I’ve tried to use the cudaToNumpy script in the detectnet-camera one. So first, I’m creating the CudaAllocation memory with the width,height and depth of my image, then I create an array with it. It is giving me an array full of 0 so I’m sure I’m doing something wrong ^^ How do I fill this array with the pixels from my pycapsule image ?
What I want to do is to crop the img from the captureRGBA method but this in an Pycapsule object and I don’t know how to use it. The only way I know to crop img is when they are numpy.ndarray type so i’m looking to convert this pycapsule img into a numpy array :) Hope it is more clear for you.
So i looked up some of my code doing something similar. It’s untested and there are no guarantees it works, or is fast, but you get the idea. There is a cudaToNumpy function in jetson.utils that you might be able to use.
def simple_cpu_image_hash(image, size=8, channels=4, alpha_black=True) -> bytes:
"""
adapted from:
http://www.hackerfactor.com/blog/index.php?/archives/432-Looks-Like-It.html
:arg image: Tuple returned from jetson.utils.loadImageRGBA or similar
:param size: scales to this size*size before returning the bytes
(larger values will yield longer hashes an be more sensitive to change)

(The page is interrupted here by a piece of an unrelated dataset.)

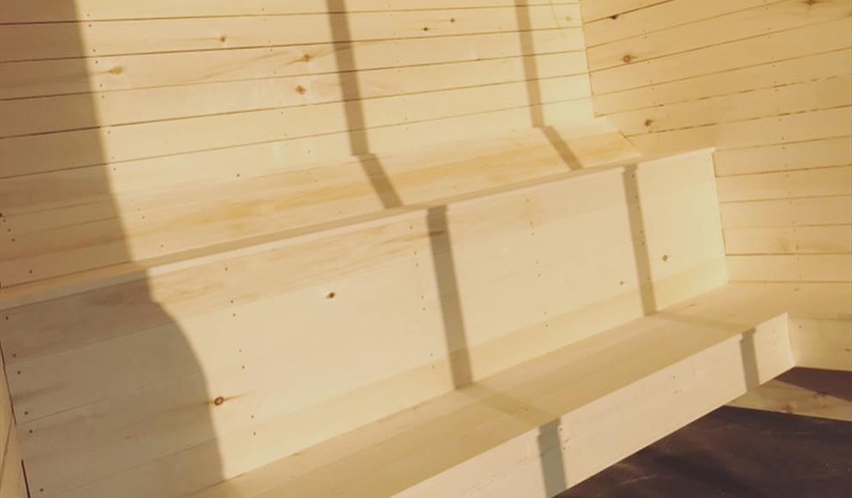 Badstuen har plass til opp til 14 personer, og ble ferdigstilt i 2021. Du kan velge drop in time, eller privat booking slik at du og reisefølget ditt kan ha badstuen helt for dere selv.

:param channels: number of input channels
:param alpha_black: composites images with alpha channel on black (false
composites to white)
:returns: a byte string representing a hash of the image.
features of this hash:
- different sizes of an image will likely have identical hashes
- The location of the change in the returned bytestring will indicate the
location of change in the hash because...
- The hash is just a (very) scaled down, greyscale, image representation as
bytes.
"""
background = np.zeros if alpha_black else np.ones
# get a numpy array with the array in shared gpu/cpu memory
# there is no copy involved in creation of the numpy array
in_arr = jetson.utils.cudaToNumpy(*image, channels) # type: np.ndarray
# flatten rgba image on black background
out_arr = skimage.color.rgba2rgb(in_arr, # in image over
background(shape=3, dtype=np.uint8)),
# convert to greyscale
out_arr = skimage.color.rgb2gray(out_arr)
# resize to size * size using linear interpolation, aa off since pointless
out_arr = skimage.transform.resize(
out_arr, (size, size), anti_aliasing=False)
return out_arr.tobytes() # return the 'image' as raw bytes
Using the jetson.utils.cudaToNumpy function giving me the error " failed to get input array pointer from PyCapsule container ". Will continue to investigate, thank you.
I am not 100% certain about the error, but it is possible the camera is not being passed a tuple rather than the pycapsule.
Iirc, the camera returns a tuple (a container) of PyCapsule and two integers representing the dimensions. You can unpack a tuple (or any sequence type) into it’s components with the * operator in python. That’s what’s going on in my code above where it’s
capsule, x, y = camera.CaptureRGBA()
in_arr = jetson.utils.cudaToNumpy(capsule, x, y, 4) # type: np.ndarray
The extra 4 is to specify the dimensions. It’s 4 from the RGBA camera because it’s 4 channels.
The “-> bytes” in the function definition may not look like python, but it is. Recent versions of python allow specifying a return type like that. It’s not actually checked at runtime, however. It’s just hinting for the IDE and there are other ways of doing that (like a #type: foo) comment at the return line or in the docstring.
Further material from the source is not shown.